> [EXTRACTED RECORDS]
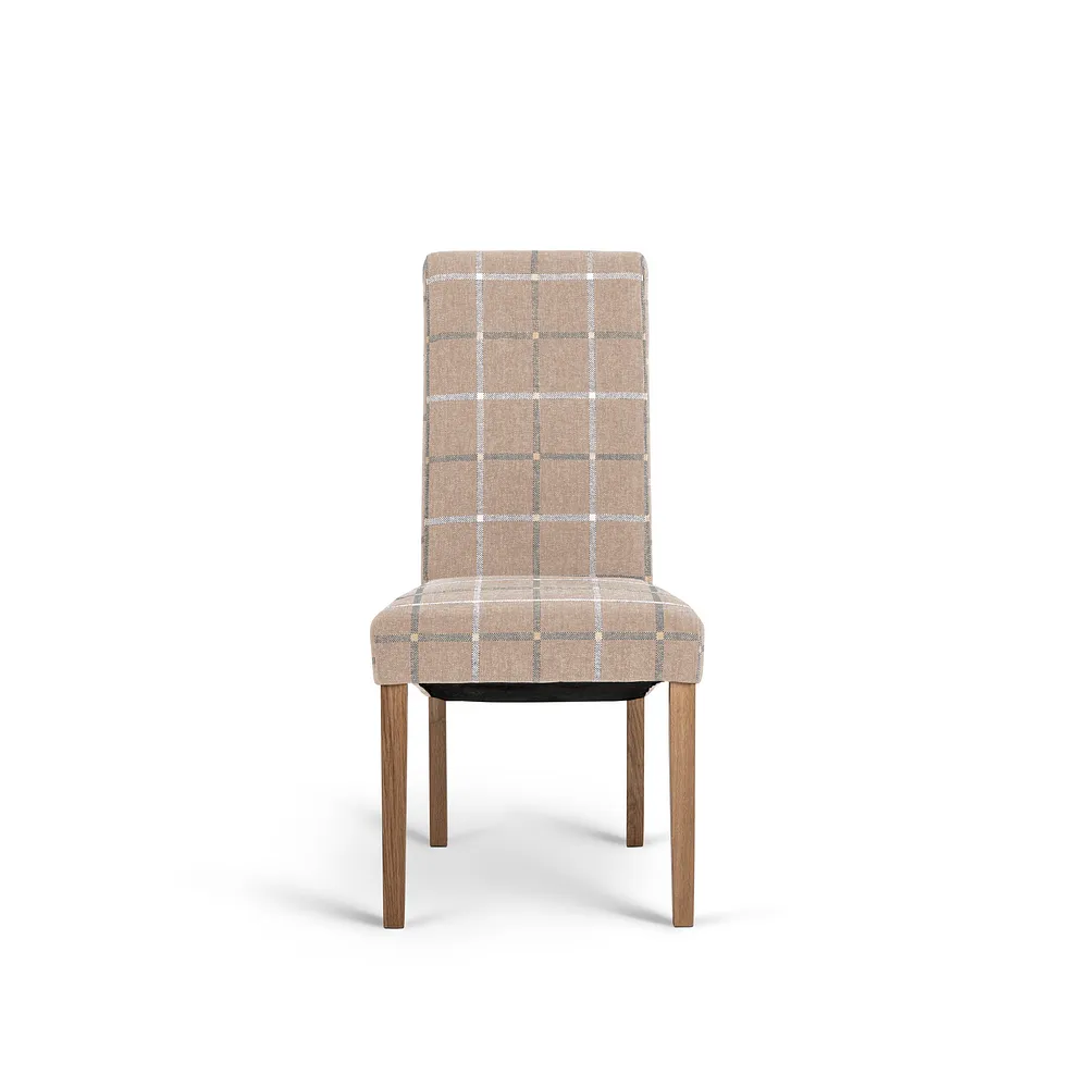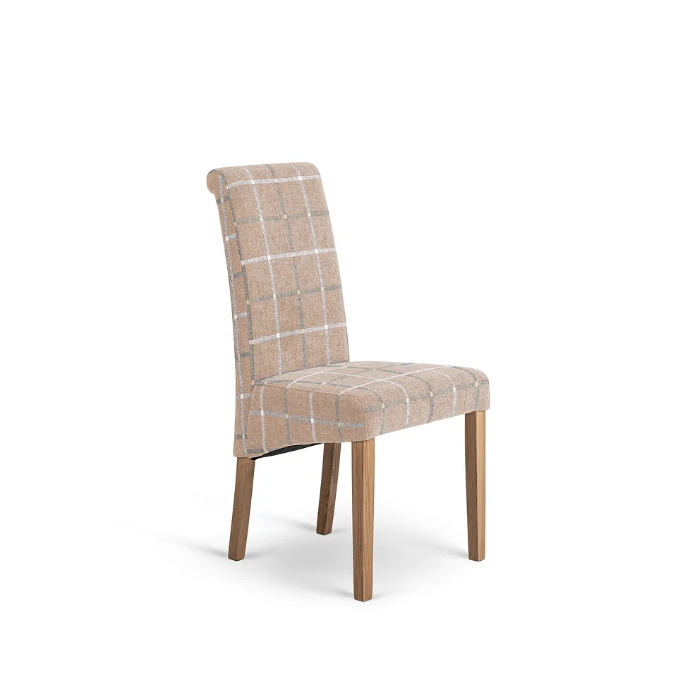 Make mealtimes flexible with our Otto 6-8-seater extendable dining table with 6 Scroll Back chairs in checked beige fabric. These timeless chairs add a classic touch to the contemporary smoked oak table top to create a versatile look that brings comfort to home dining.
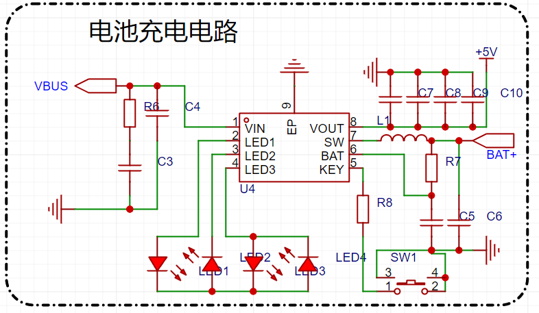 充电电路采用的 IC 是 IP3506,一款带电量显示,同步升压的芯片,能够完整实现充电宝应用的芯片。
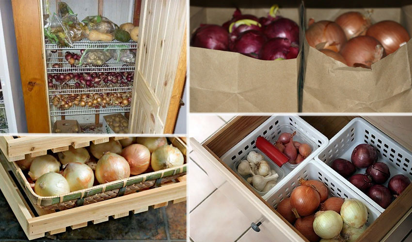 Містять цибулю в дерев’яних або пластикових ящиках, невеликих за обсягом поліпропіленових сітках або полотняних мішках. Метод зберігання в панчохах зручний і практичний. Любителі декору заплітають цибульні коси, викликають ностальгію за літнім дням.
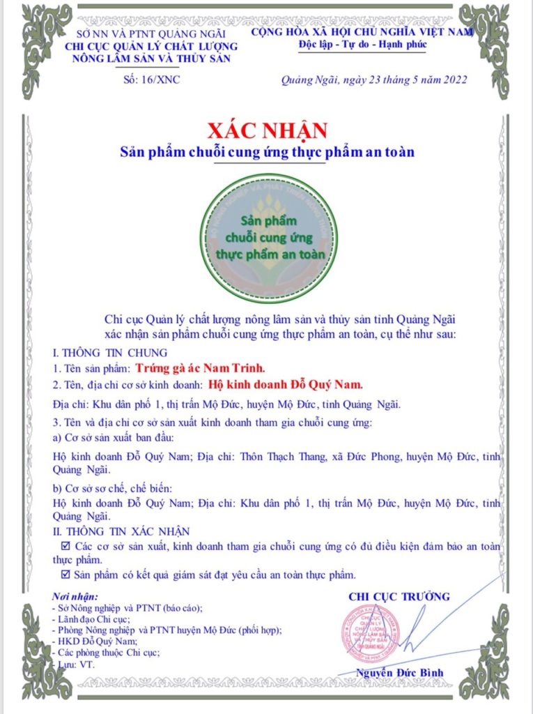 Anh Đỗ Quý Nam sinh ra tại Thôn 4 – Đức Tân – Mộ Đức theo tiếng gọi về Quảng Ngãi lập nghiệp. Mô hình chăn nuôi Gà Ác đẻ trứng còn mới mẻ của địa phương và có nhiều tiềm năng phát triển kinh tế trong lĩnh vực chăn nuôi. Từ lâu, Trứng gà là nguồn thực phẩm bổ sung dinh dưỡng dồi dào, cung cấp một lượng lớn vitamin và khoáng chất, xuất hiện hầu hết các bữa ăn gia đình trên toàn thế giới. Trứng gà có thể chế biến được rất nhiều món ăn và việc dự trữ trứng gà trong tủ lạnh là thói quen của đa số các bà nội trợ. Đến nay đàn gà của tôi lên đến 4.000 con đáp ứng được nhu cầu của thị trường trong và ngoài tỉnh. Tôi thấy gà ác nuôi theo hướng sinh học có nhiều lợi thế hơn: Gà ít khi bị bệnh, tăng trọng tuy không nhanh nhưng gà bố mẹ rất khỏe mạnh, gà mái đẻ sai, đều. Trứng gà ác có tác dụng rất tốt cho mẹ bầu, thị lực và giúp giảm lượng mỡ trong máu.
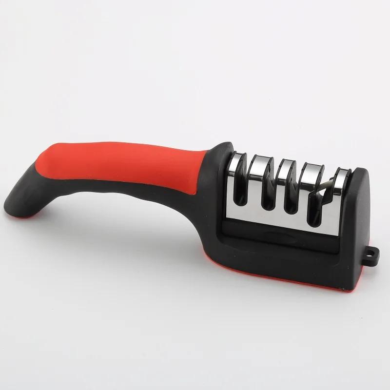 Кухонная 3-сегментная точилка для ножей, бытовая многофункциональная ручная трехцелевая черная точильный камень 6.5x21cm
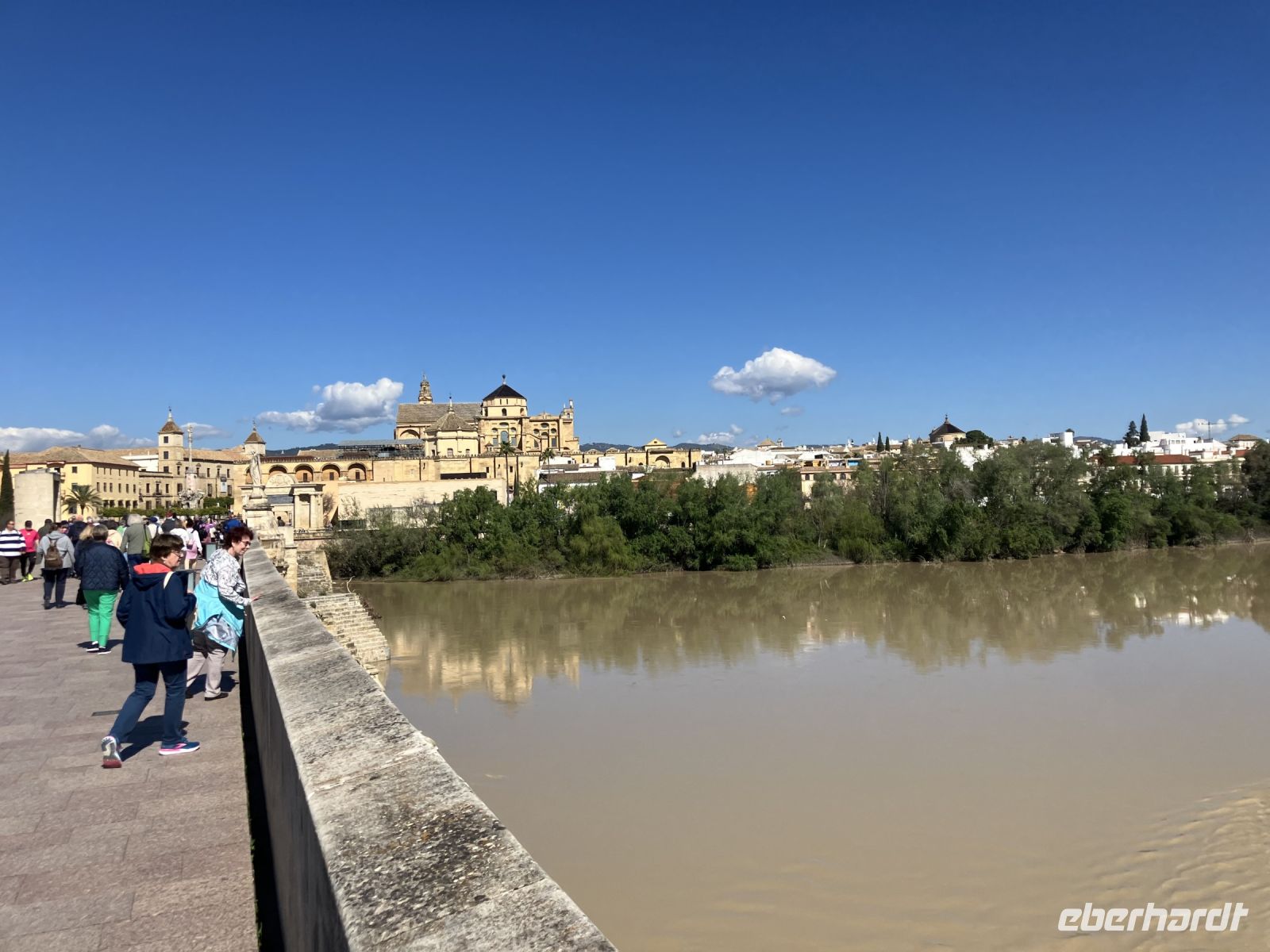 Den restlichen Nachmittag nutzten wir für einen entspannten Bummel durch die Altstadt. Die verwinkelten Gassen mit ihren weiß gekalkten Häusern, kunstvoll verzierten Balkonen und versteckten Innenhöfen luden zum Entdecken ein. Wer die Aussicht genießen wollte, spazierte zur römischen Brücke, die den Guadalquivir überspannt und die Stadt mit dem Umland verbindet. Von hier bot sich ein atemberaubender Blick auf die Skyline Córdobas, mit der imposanten Mezquita (Moschee) als krönendem Mittelpunkt.
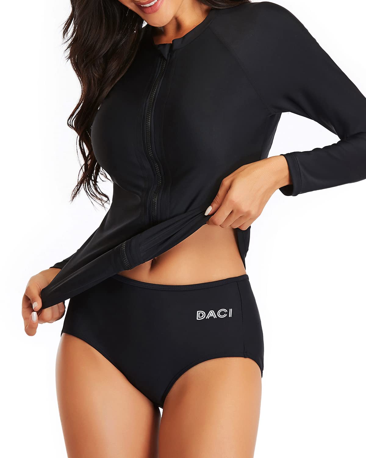 - This long sleeve full zipper 2 piece swimsuit with black swim shirt and black shorts is perfect for those who want a sporty and slimming effect.
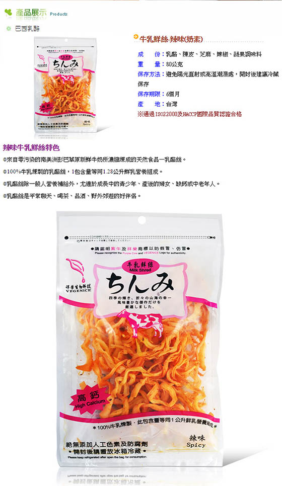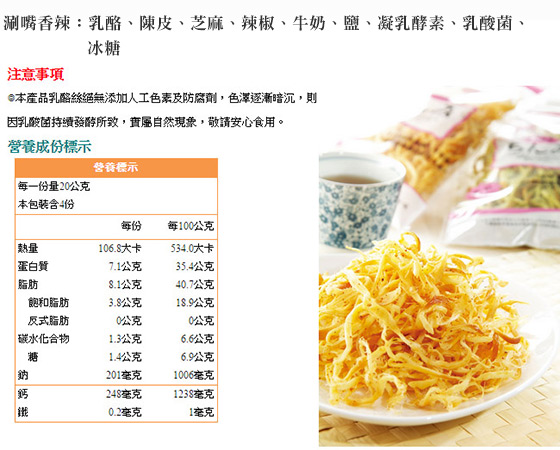 涮嘴香辣:乳酪、陳皮、芝麻、辣椒、牛奶、鹽、凝乳酵素、乳酸菌、冰糖
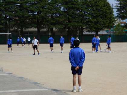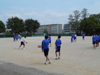 男子保健体育の授業では、グラウンドでハンドボール投げに取り組み、測定しました。
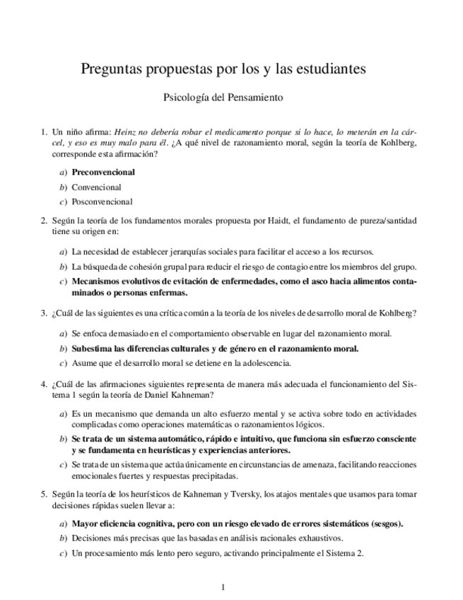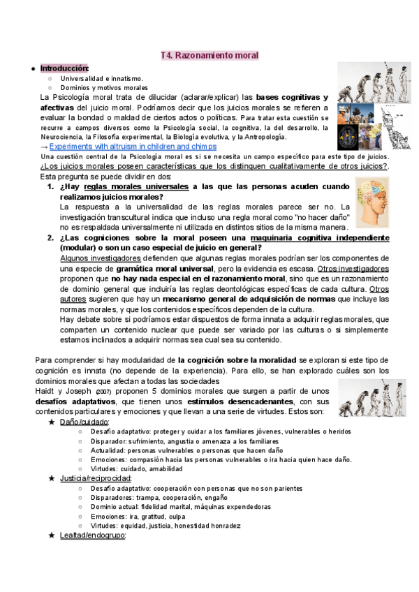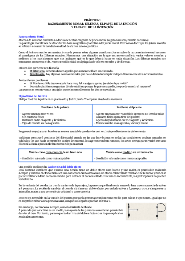 P1. Razonamiento moral: dilemas, el papel de la emoción y el papel de la intención + P2. Razonamiento, solución de problemas, heurísticos y sesgos.
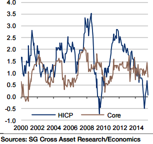 "Looking ahead, German HICP inflation is expected to average 0.3% in 2015 and 1.7% in 2016, while the core metric should average at 0.9% in 2015 and 1.2% in 2016", says Societe Generale.
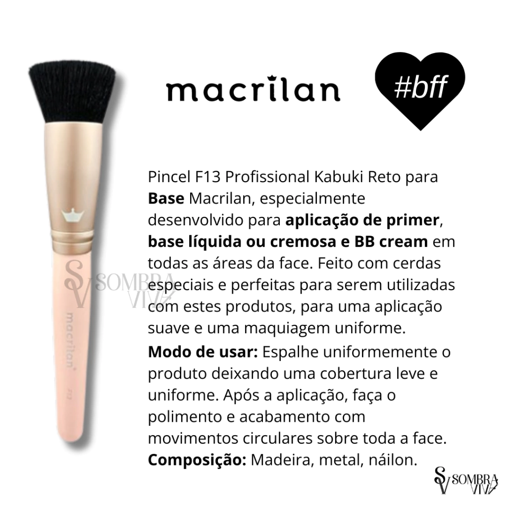 Pincel F13 Profissional Kabuki Reto para Base Macrilan, especialmente desenvolvido para aplicação de primer, base líquida ou cremosa e BB cream em todas as áreas da face. Feito com cerdas especiais e perfeitas para serem utilizadas com estes produtos, para uma aplicação suave e uma maquiagem uniforme.
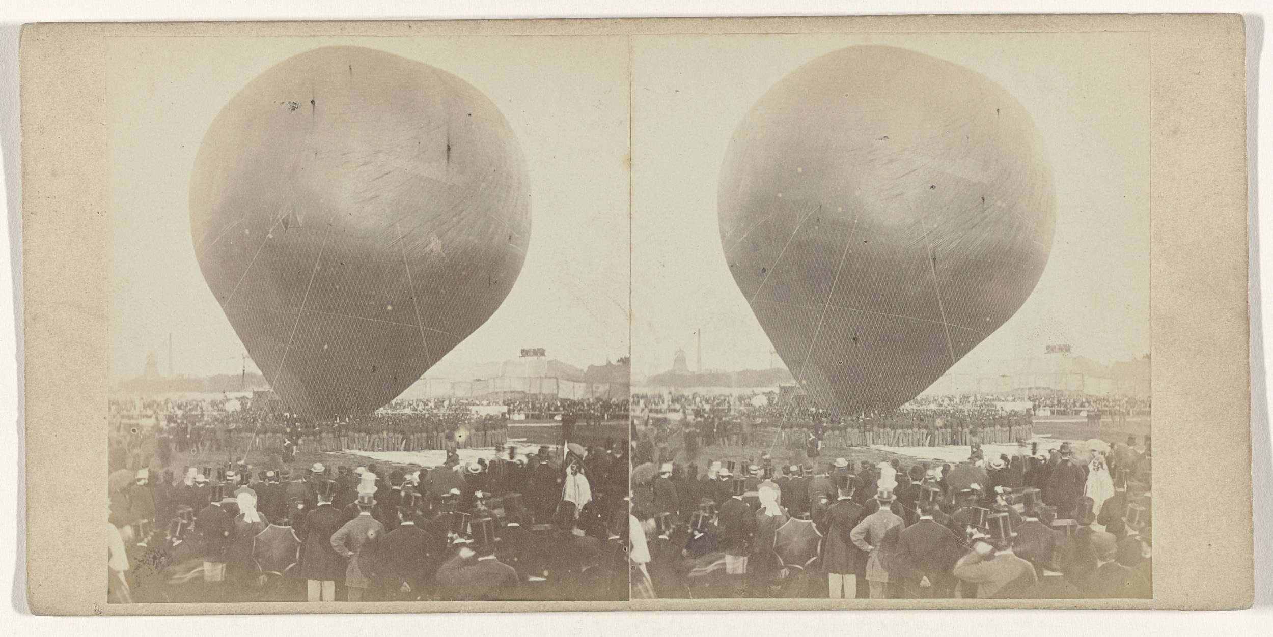 Oplating van Nadars luchtballon op een terrein buiten de Utrechtse Barrière, Amsterdam, 14 september 1865

> [AIM OF THE EXERCISE] The copy you give must run from the line containing "- This long" through the last line of the records, exactly, with the pictures left out.

> [EXERCISE RESULT]
 - This long sleeve full zipper 2 piece swimsuit with black swim shirt and black shorts is perfect for those who want a sporty and slimming effect.
 涮嘴香辣:乳酪、陳皮、芝麻、辣椒、牛奶、鹽、凝乳酵素、乳酸菌、冰糖
 男子保健体育の授業では、グラウンドでハンドボール投げに取り組み、測定しました。
 P1. Razonamiento moral: dilemas, el papel de la emoción y el papel de la intención + P2. Razonamiento, solución de problemas, heurísticos y sesgos.
 "Looking ahead, German HICP inflation is expected to average 0.3% in 2015 and 1.7% in 2016, while the core metric should average at 0.9% in 2015 and 1.2% in 2016", says Societe Generale.
 Pincel F13 Profissional Kabuki Reto para Base Macrilan, especialmente desenvolvido para aplicação de primer, base líquida ou cremosa e BB cream em todas as áreas da face. Feito com cerdas especiais e perfeitas para serem utilizadas com estes produtos, para uma aplicação suave e uma maquiagem uniforme.
 Oplating van Nadars luchtballon op een terrein buiten de Utrechtse Barrière, Amsterdam, 14 september 1865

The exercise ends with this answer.